7

I'd like to be able to cleanly cut a paragraph larger than certain number of characters without cutting a word in the middle.

So for example this:

It is a long established fact that a reader will be distracted by the readable content of a page when looking at its layout. The point of using Lorem Ipsum is that it has a more-or-less normal distribution of letters, as opposed to using 'Content here, content here', making it look like readable English.

Should become:

It is a long established fact that a reader will be distracted by the readable content ...
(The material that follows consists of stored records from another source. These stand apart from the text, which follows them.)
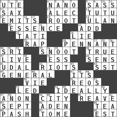 ACROSS 1. Shoshoni 4. Billionth: prefix 8. Backtalk 12. Saxophone 13. Actor Baldwin 14. Ballerina skirt 15. Sends forth 18. Carrot, for example 19. Uhlan (variant) 20. Core 22. Find the sum of 23. Jacques of French films 24. Whopper 25. Hit sharply and swiftly 26. Pre-World Series prize 30. _ Lanka 33. Snob 36. Loyal 37. Not recorded 39. Curvy letter 40. Elected reps. 41. Hereditary estate 42. Debaucheries 44. Fast jet (abbr.) 45. Commissioned military rank 47. ___ a Wonderful Life 50. Compete 51. Vintage cars 53. Directed 54. Under perfect conditions 57. Soon (poet.) 59. Municipality 61. Rob, plunder, or pillage 63. Back-to-school mo. 64. An important port of Yemen 65. Afternoon social gathering 66. Romantic infatuation 67. Heavy book 68. Eastern Standard Time (abbr.) DOWN 1. Purpose 2. Docile 3. Be extant 4. Drug cop 5. _ vera 6. Modern: prefix 7. Sep. follower 8. SAT takers 9. Old (Scot.) 10. R.R. building 11. Player for Phoenix 16. Russian ruler of old 17. Stalk of a moss capsule 21. Pinches, bites 22. The 18th letter of the Arabic alphabet 24. Allow 26. Mail 27. Ancient Greek god of war 28. Religious women 29. Trial 30. A hard, heavy blow 31. Travel on an animal 32. "Terrible" tsar 34. Famous astronaut Armstrong 35. Bear (Spanish) 38. Veterans Day date 42. Actress Charlotte 43. Title for a man of rank and authority 46. To free from 48. Lacerate 49. Flatfish 52. Chalkboard 53. Chops off 54. Detail 55. Unit of force 56. Jacques Cousteau's middle name 57. Cleo's killer 58. Teachers' org. 59. Feline 60. Wedding promise 62. Ingest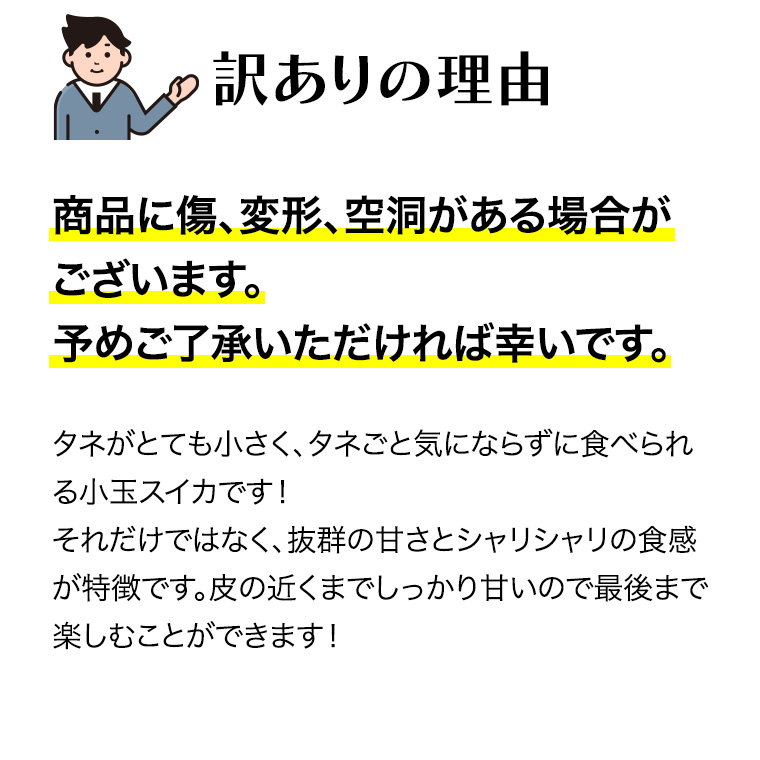 タネがとても小さく、タネごと気にならずに食べられる小玉スイカです!それだけではなく、抜群の甘さとシャリシャリの食感が特徴です。皮の近くまでしっかり甘いので最後まで楽しむことができます!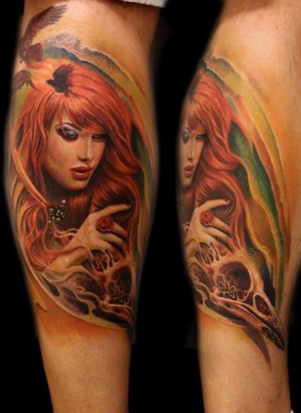 腿部彩色神秘色女人纹身图案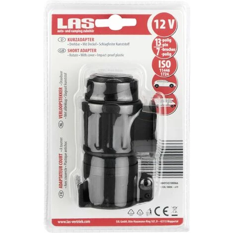 Der Kurzadapter von LAS dient zum Anschluss eines 7-poligen Steckers an einer 13-poligen Fahrzeugdose und versorgt somit den Anhänger mit Strom.Spannung: 12 VSteckverbindung: 13- auf 7- poligMaterial: KunststoffAusführung: drehbarentspricht DIN ISO 11446 und 1724
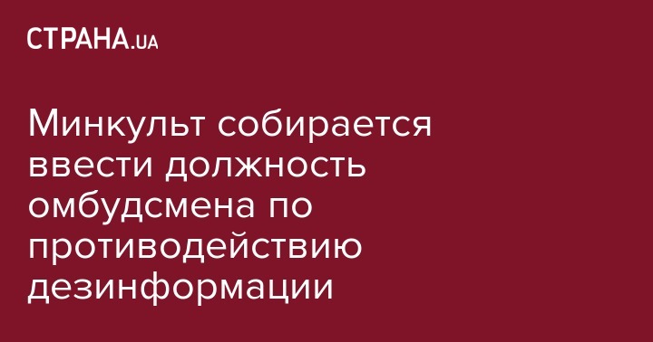 Министерство культуры, молодежи и спорта Украины рассматривает возможность введения должности омбудсмена по вопросам информации, который будет противодействовать фейкам и дезинформации. Такое заявление сделал первый заместитель главы ведомства Анатолий Максимчук во время публичной дискуссии "Свобода слова, защита журналистов и информационного пространства Украины от дезинформации (манипуляции и фейков)", передает Укринформ.

Here is the function that I came up with:

 func truncateText(s string, max int) string {
    if len(s) > max {
        r := 0
        for i := range s {
            r++
            if r > max {
                return s[:i]
            }
        }
    }
    return s
}

But it just brutally cuts the text. I'm wondering how can I modify (or replace it with a better solution) in order to cut the text elliptically?

Smn
  • 145
  • 1
  • 3
  • 9

6 Answers6

9

Slicing strings can be problematic because slicing works with bytes, not runes. Range, however, works with runes:

lastSpaceIx:=-1
len:=0
for i,r:=range str {
  if unicode.IsSpace(r) {
     lastSpaceIx=i
  }
  len++
  if len>=max {
    if lastSpaceIx!=-1 {
        return str[:lastSpaceIx]+"..."
    }
    // If here, string is longer than max, but has no spaces
  }
}
// If here, string is shorter than max
Burak Serdar
  • 46,455
  • 3
  • 40
  • 59
6

The range is totally unnecessary as written; as it is now, your whole function could just be:

func truncateText(s string, max int) string {
    return s[:max]
}

Which is so simple it shouldn't even be a function; but of course it also will cut off words, which you said you don't want. So instead you could:

func truncateText(s string, max int) string {
    if max > len(s) {
        return s
    }
    return s[:strings.LastIndex(s[:max]," ")]
}

Or if you want to use multiple characters as word boundaries not just spaces:

func truncateText(s string, max int) string {
    if max > len(s) {
        return s
    }
    return s[:strings.LastIndexAny(s[:max]," .,:;-")]
}
Adrian
  • 42,911
  • 6
  • 107
  • 99
1

I improved on the answer from Burak. This implementation returns the exact input string if len(text)=maxLen instead of adding an ellipsis, and if text has no spaces, it just does a hard truncation at maxLen.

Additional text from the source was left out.